• _Your objective_: Print every entry again exactly, with no pictures.

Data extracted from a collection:
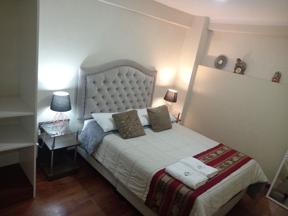 Departamento acogedor e independiente con una habitación, espacio de trabajo, kitchenette, lavandería y un baño, ubicada en centro histórico, a solo tres cuadras de la plaza de armas, incluye todos los servicios, cerca a muchos restaurantes, lugares de entretenimiento, centros artesanales y sitios arqueológicos.
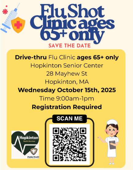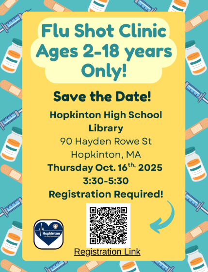Hopkinton Health Services are pleased to offer the following flu vaccine clinics open to all residents in the MetroWest Region. These clinics are made possible by a grant from the MetroWest Health Foundation to improve adult vaccine access, and reflect our ongoing commitment to the Massachusetts Department of Public Health’s vision for universal vaccine access for children within the Commonwealth.
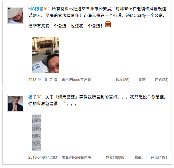 近幾日,三亞“海天盛筵”涉黃,淫亂派對的新聞可謂瘋傳網絡。早前有媒體報道,三亞市委宣傳部曾于4月4日向媒體發布新聞通稿,稱已經對網上有關“海天盛筵聚眾淫亂”傳聞展開調查,對此事非常重視。三亞警方今日已正式通知“海天盛筵”主辦方三亞鴻洲國際游艇會、“MC白色派對”主辦方MC俱樂部等相關單位負責人于4月8日面談,配合調查工作。今天,“海天盛筵”主辦方之一,候鳥俱樂部負責人陳駿發微博稱,自己已經將所有材料遞交三亞市公安局,將對那些還在繼續傳播詆毀造謠的人,堅決追究法律責任。希望可以還海天盛筵一個公道。
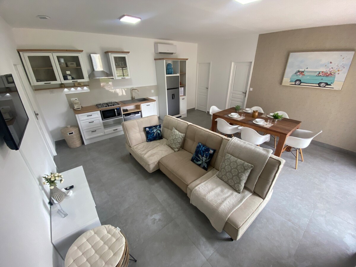 全新的漂亮小別墅,由官方旅遊住宿排名機構評為 4 星級。舒適度高,所有房間均配有可逆空調。 安靜的街區。步行3分鐘即可抵達CARABIOL景點,在樹林中有一個露天舞廳、兒童遊戲和自然散步區。 靠近(不到1小時)加爾橋、尼姆、竹林、洛澤爾、阿爾代什、Pont d 'arc、阿萊斯機械極等...
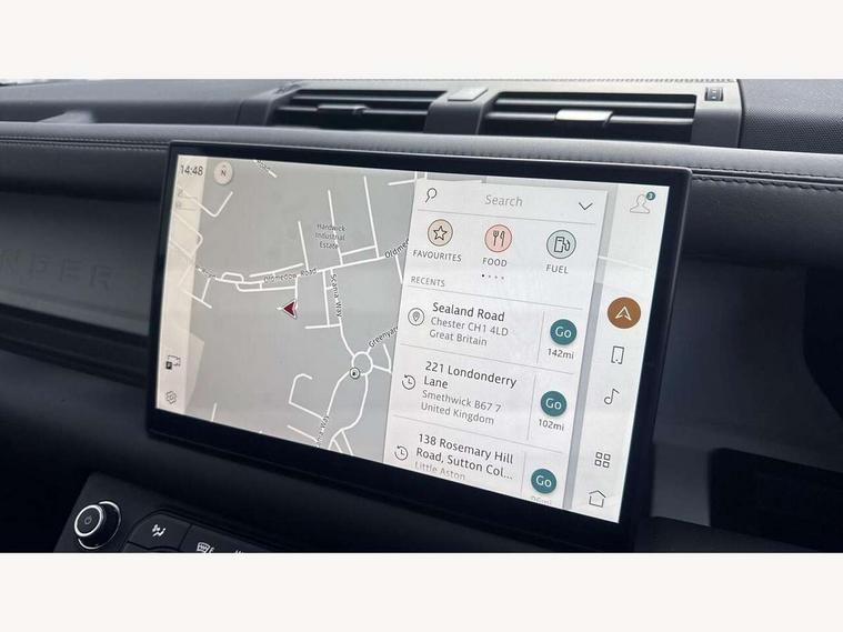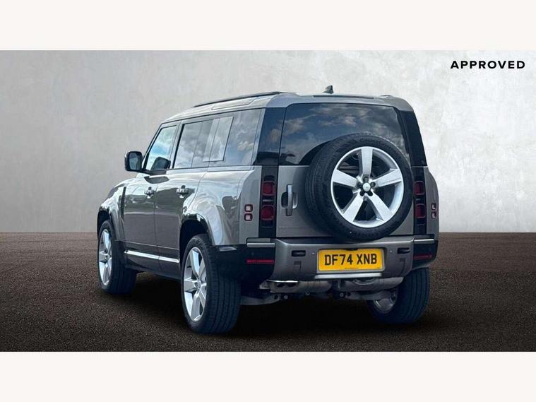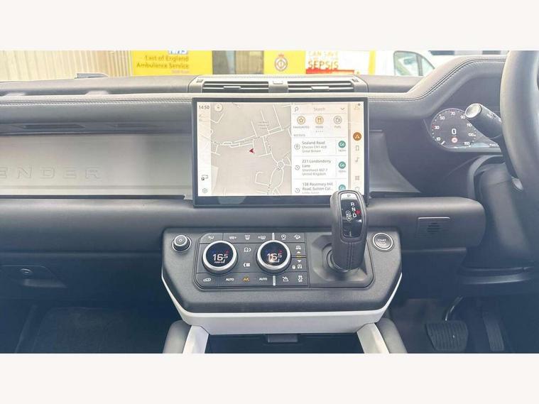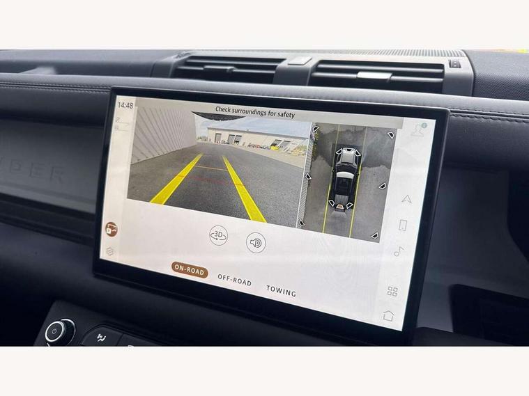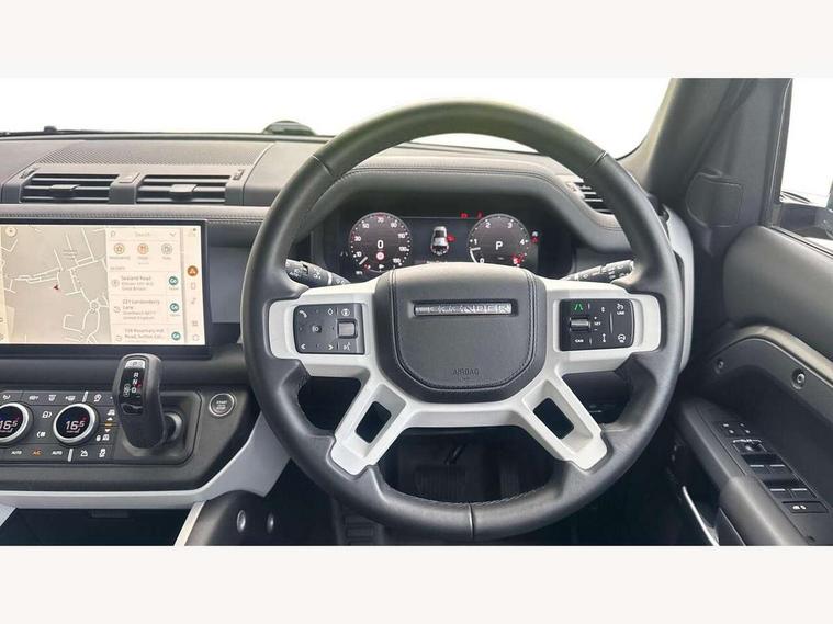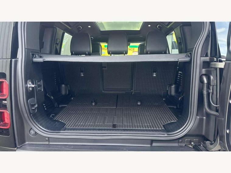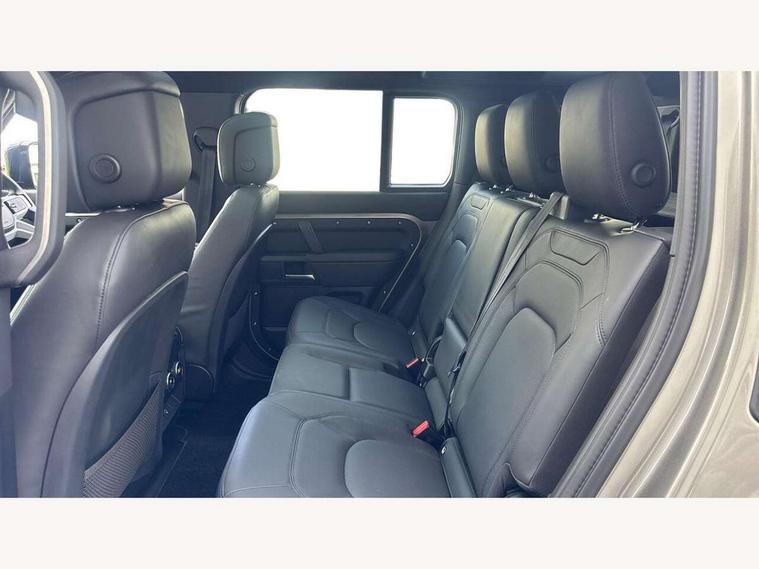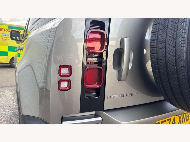 1 x USB-C (power only) & 1 x USB-C (power & data) in Row 1, 2 x USB-C in Row 2, 11.4" touchscreen, 2 x USB-C in Row 3, 360 degree parking aid, 3D Surround Camera with 360 View, 180 Rear View, Front Traffic Detection, Forward Vehicle Guidance, Tow Hitch Assist and clear sight Ground View, Adaptive cruise control, Android Auto, Apple CarPlay, Blind spot assist, Bluetooth system, Brake pad wear indicator, Clear exit monitor, Connected navigation pro, Driver condition monitor, Electric power assisted steering (EPAS), Interactive driver display, Lane keep assist, Push button start, Rear collision monitor, Rear traffic monitor, Traffic sign recognition with adaptive speed limiter, Trip computer, Wireless device charging, 8 speed automatic transmission, All wheel drive system, Twin speed transfer box, DAB Radio (Digital Audio Broadcasting), Meridian 700w surround sound audio system with 15 speakers, Pivi pro connected, Automatic headlight levelling, Automatic headlights, Black exposed rear recovery eyes, Body coloured bonnet, Centre high mounted stop light, Electric heated/power fold door mirrors with approach lights and auto dimming driver side, Electric windows with one touch open/close and anti-trap, Follow me home lighting, Front fog lights, Heated rear window with timer, Heated windscreen, Illuminated metal treadplates with brand name script, LED tail lights, Matrix LED headlights with signature DRL, Privacy glass, Puddle lights, Rain sensing windscreen wipers, Rear fog lights, Rear side wing doors, Rear wiper, Side hinged tailgate, Sliding panoramic roof, Standard tail door, Trailer stability assist, X-Dynamic badge, 12V power socket in loadspace, 2 seat bench in 3rd row, 3 seat bench in 2nd row, Alpine lights, Configurable cabin lighting, Durable rubber cabin flooring, Durable rubber loadspace flooring, Electric reach + rake adjustable steering column, Electrically adjustable steering column, Extended leather upgrade, Footwell lights, Front head restraints, Front passenger isofix child seat attachment, Heated steering wheel, Loadspace cover, Loadspace Hook, Multifunction steering wheel, No flat load floor storage, Overhead stowage for sunglasses, Rear headrests, Rear ISOFIX, Rear reading lights, Single front passenger seat, Soft close tail door, Storage glovebox, Sunvisors with illuminated vanity mirrors, Twin front cupholders, Air suspension pack - Defender SE/HSE/X-Dynamic SE/X-Dynamic HSE, Non-smoker package, Online pack with data plan - Defender, 7 three point seatbelts, ABS, Brake hold function, Cornering brake control (CBC), Customer configurable autolock, Driver and passenger airbags, DSC - Dynamic Stability Control, EBD - Electronic brakeforce distribution, Electric parking brake (EPB), Emergency brake assist, Emergency braking, ESP + traction control, Front airbags with passenger seat occupant detector, HDC - Hill descent control, Hill launch assist, Low traction launch, Power operated child locks, Remote for (e-Call, Optimised assistance call, InControl app, Climate, beep and flash and door), RSC - Roll stability control, Seat belt reminder, TPMS (Tyre pressure monitoring system), Alarm, Immobiliser, Intrusion sensor, Keyless entry, Locking wheel nuts, Secure tracker pro,

• _Reply_:
 Departamento acogedor e independiente con una habitación, espacio de trabajo, kitchenette, lavandería y un baño, ubicada en centro histórico, a solo tres cuadras de la plaza de armas, incluye todos los servicios, cerca a muchos restaurantes, lugares de entretenimiento, centros artesanales y sitios arqueológicos.
Hopkinton Health Services are pleased to offer the following flu vaccine clinics open to all residents in the MetroWest Region. These clinics are made possible by a grant from the MetroWest Health Foundation to improve adult vaccine access, and reflect our ongoing commitment to the Massachusetts Department of Public Health’s vision for universal vaccine access for children within the Commonwealth.
 近幾日,三亞“海天盛筵”涉黃,淫亂派對的新聞可謂瘋傳網絡。早前有媒體報道,三亞市委宣傳部曾于4月4日向媒體發布新聞通稿,稱已經對網上有關“海天盛筵聚眾淫亂”傳聞展開調查,對此事非常重視。三亞警方今日已正式通知“海天盛筵”主辦方三亞鴻洲國際游艇會、“MC白色派對”主辦方MC俱樂部等相關單位負責人于4月8日面談,配合調查工作。今天,“海天盛筵”主辦方之一,候鳥俱樂部負責人陳駿發微博稱,自己已經將所有材料遞交三亞市公安局,將對那些還在繼續傳播詆毀造謠的人,堅決追究法律責任。希望可以還海天盛筵一個公道。
 全新的漂亮小別墅,由官方旅遊住宿排名機構評為 4 星級。舒適度高,所有房間均配有可逆空調。 安靜的街區。步行3分鐘即可抵達CARABIOL景點,在樹林中有一個露天舞廳、兒童遊戲和自然散步區。 靠近(不到1小時)加爾橋、尼姆、竹林、洛澤爾、阿爾代什、Pont d 'arc、阿萊斯機械極等...
 1 x USB-C (power only) & 1 x USB-C (power & data) in Row 1, 2 x USB-C in Row 2, 11.4" touchscreen, 2 x USB-C in Row 3, 360 degree parking aid, 3D Surround Camera with 360 View, 180 Rear View, Front Traffic Detection, Forward Vehicle Guidance, Tow Hitch Assist and clear sight Ground View, Adaptive cruise control, Android Auto, Apple CarPlay, Blind spot assist, Bluetooth system, Brake pad wear indicator, Clear exit monitor, Connected navigation pro, Driver condition monitor, Electric power assisted steering (EPAS), Interactive driver display, Lane keep assist, Push button start, Rear collision monitor, Rear traffic monitor, Traffic sign recognition with adaptive speed limiter, Trip computer, Wireless device charging, 8 speed automatic transmission, All wheel drive system, Twin speed transfer box, DAB Radio (Digital Audio Broadcasting), Meridian 700w surround sound audio system with 15 speakers, Pivi pro connected, Automatic headlight levelling, Automatic headlights, Black exposed rear recovery eyes, Body coloured bonnet, Centre high mounted stop light, Electric heated/power fold door mirrors with approach lights and auto dimming driver side, Electric windows with one touch open/close and anti-trap, Follow me home lighting, Front fog lights, Heated rear window with timer, Heated windscreen, Illuminated metal treadplates with brand name script, LED tail lights, Matrix LED headlights with signature DRL, Privacy glass, Puddle lights, Rain sensing windscreen wipers, Rear fog lights, Rear side wing doors, Rear wiper, Side hinged tailgate, Sliding panoramic roof, Standard tail door, Trailer stability assist, X-Dynamic badge, 12V power socket in loadspace, 2 seat bench in 3rd row, 3 seat bench in 2nd row, Alpine lights, Configurable cabin lighting, Durable rubber cabin flooring, Durable rubber loadspace flooring, Electric reach + rake adjustable steering column, Electrically adjustable steering column, Extended leather upgrade, Footwell lights, Front head restraints, Front passenger isofix child seat attachment, Heated steering wheel, Loadspace cover, Loadspace Hook, Multifunction steering wheel, No flat load floor storage, Overhead stowage for sunglasses, Rear headrests, Rear ISOFIX, Rear reading lights, Single front passenger seat, Soft close tail door, Storage glovebox, Sunvisors with illuminated vanity mirrors, Twin front cupholders, Air suspension pack - Defender SE/HSE/X-Dynamic SE/X-Dynamic HSE, Non-smoker package, Online pack with data plan - Defender, 7 three point seatbelts, ABS, Brake hold function, Cornering brake control (CBC), Customer configurable autolock, Driver and passenger airbags, DSC - Dynamic Stability Control, EBD - Electronic brakeforce distribution, Electric parking brake (EPB), Emergency brake assist, Emergency braking, ESP + traction control, Front airbags with passenger seat occupant detector, HDC - Hill descent control, Hill launch assist, Low traction launch, Power operated child locks, Remote for (e-Call, Optimised assistance call, InControl app, Climate, beep and flash and door), RSC - Roll stability control, Seat belt reminder, TPMS (Tyre pressure monitoring system), Alarm, Immobiliser, Intrusion sensor, Keyless entry, Locking wheel nuts, Secure tracker pro,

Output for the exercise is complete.